**What you should do**
Below are some records. Retype exactly the lines from the one containing "Anillo de compromiso" through the one containing "Color: White,Item Model", both included, skipping every picture.

** Opening Provided entries block **

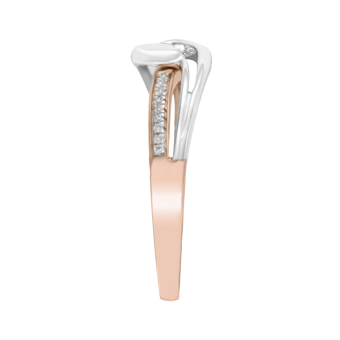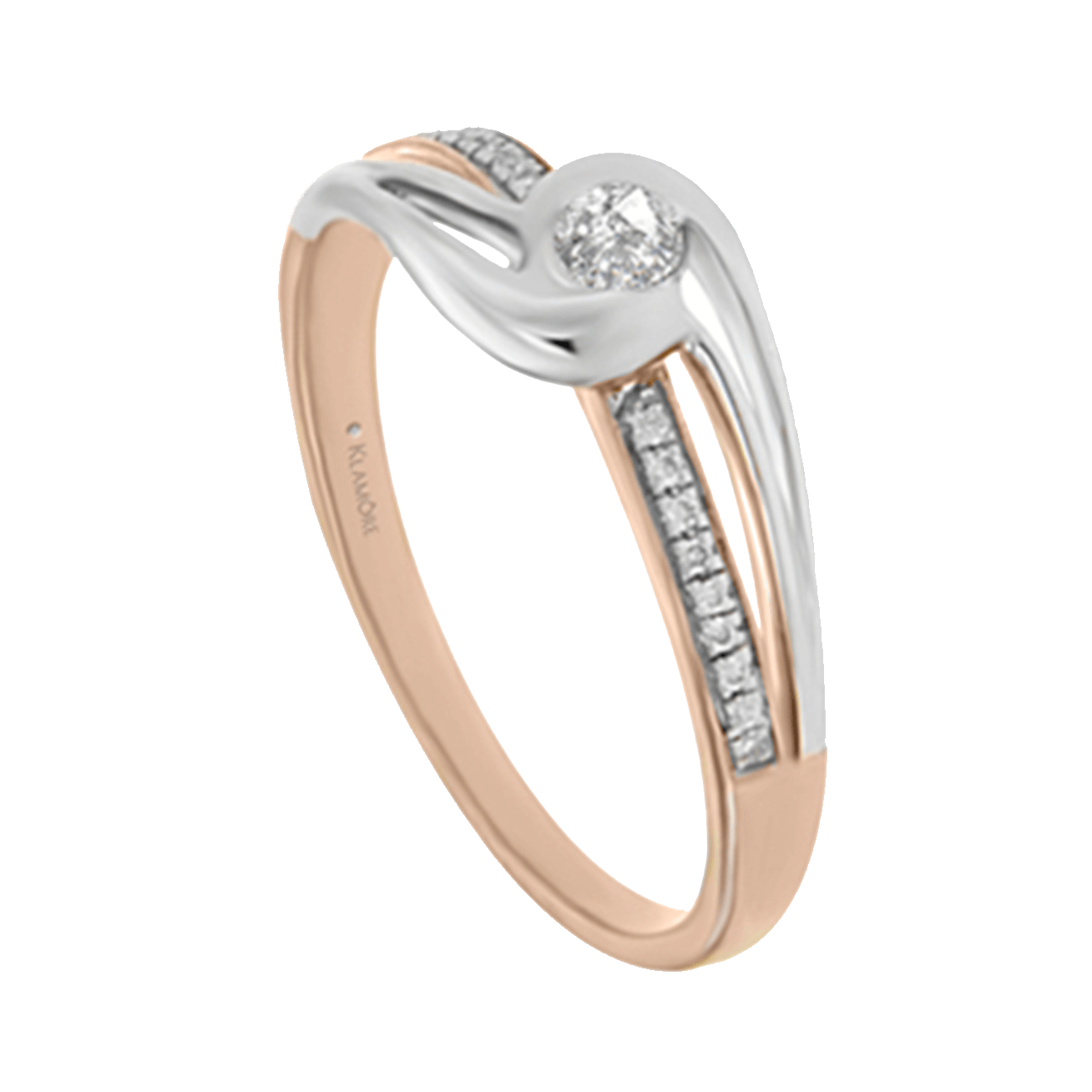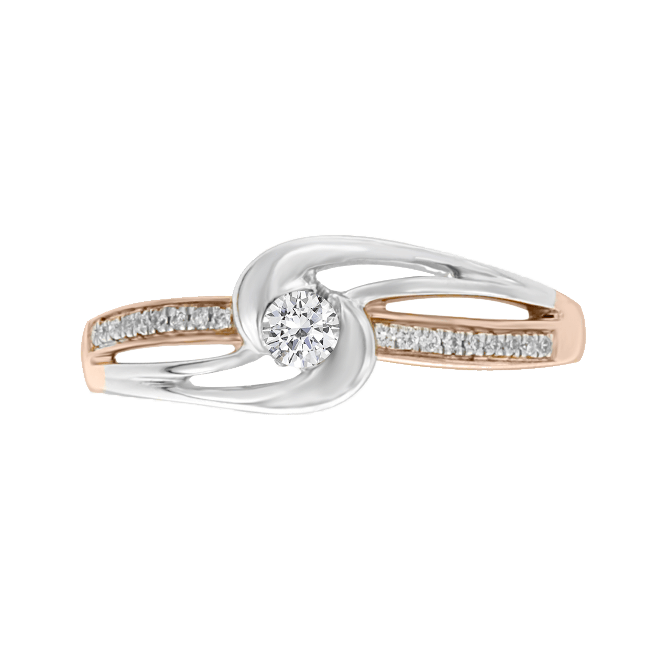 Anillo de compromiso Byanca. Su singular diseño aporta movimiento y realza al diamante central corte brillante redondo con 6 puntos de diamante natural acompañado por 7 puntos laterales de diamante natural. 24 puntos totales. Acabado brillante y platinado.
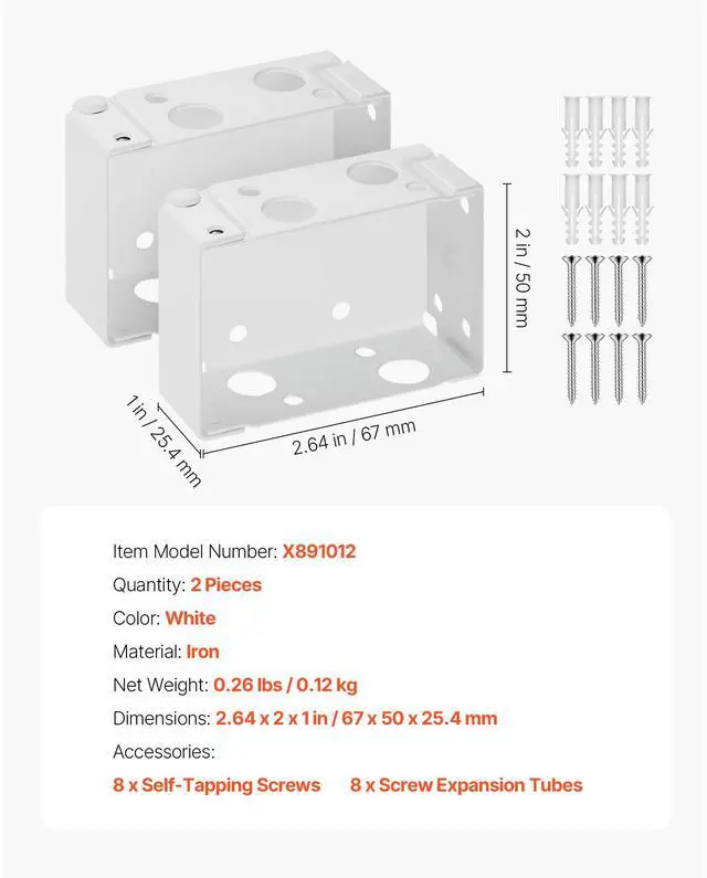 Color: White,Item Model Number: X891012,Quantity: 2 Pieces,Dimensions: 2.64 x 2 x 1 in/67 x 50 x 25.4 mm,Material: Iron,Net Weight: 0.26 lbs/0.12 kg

** Closing Provided entries block **
** Opening Provided entries block **

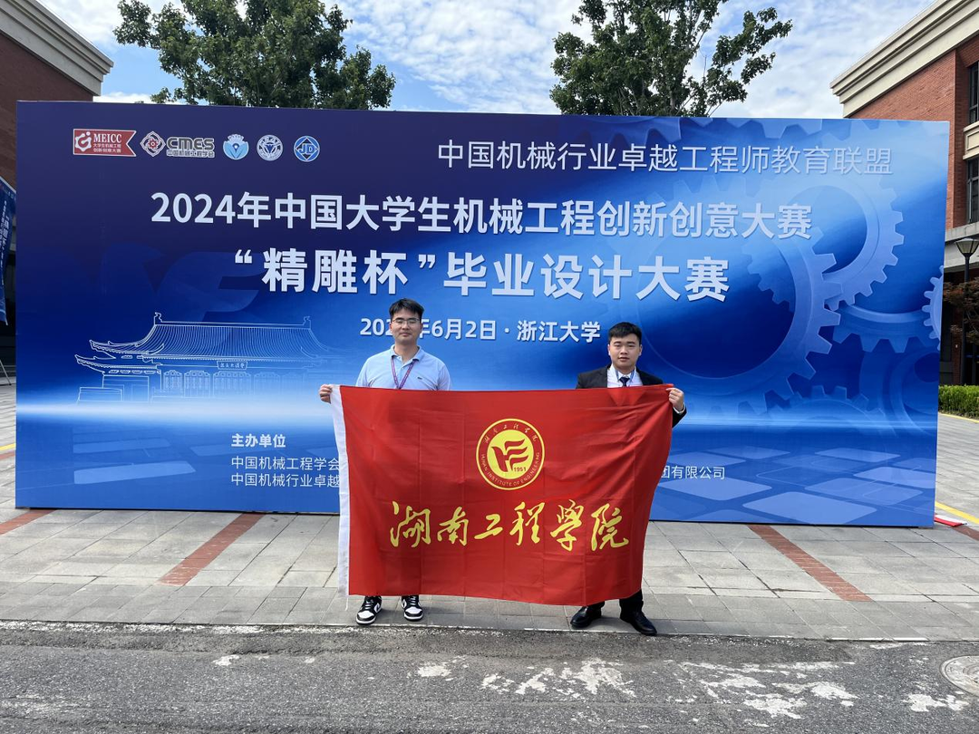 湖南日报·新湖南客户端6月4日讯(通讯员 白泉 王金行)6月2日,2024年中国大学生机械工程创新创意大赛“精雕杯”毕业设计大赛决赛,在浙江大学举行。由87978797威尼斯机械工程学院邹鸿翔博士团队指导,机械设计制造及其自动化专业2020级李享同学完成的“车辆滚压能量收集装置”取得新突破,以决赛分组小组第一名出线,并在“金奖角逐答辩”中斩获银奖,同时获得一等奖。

** Closing Provided entries block **

**Response**
 Anillo de compromiso Byanca. Su singular diseño aporta movimiento y realza al diamante central corte brillante redondo con 6 puntos de diamante natural acompañado por 7 puntos laterales de diamante natural. 24 puntos totales. Acabado brillante y platinado.
 Color: White,Item Model Number: X891012,Quantity: 2 Pieces,Dimensions: 2.64 x 2 x 1 in/67 x 50 x 25.4 mm,Material: Iron,Net Weight: 0.26 lbs/0.12 kg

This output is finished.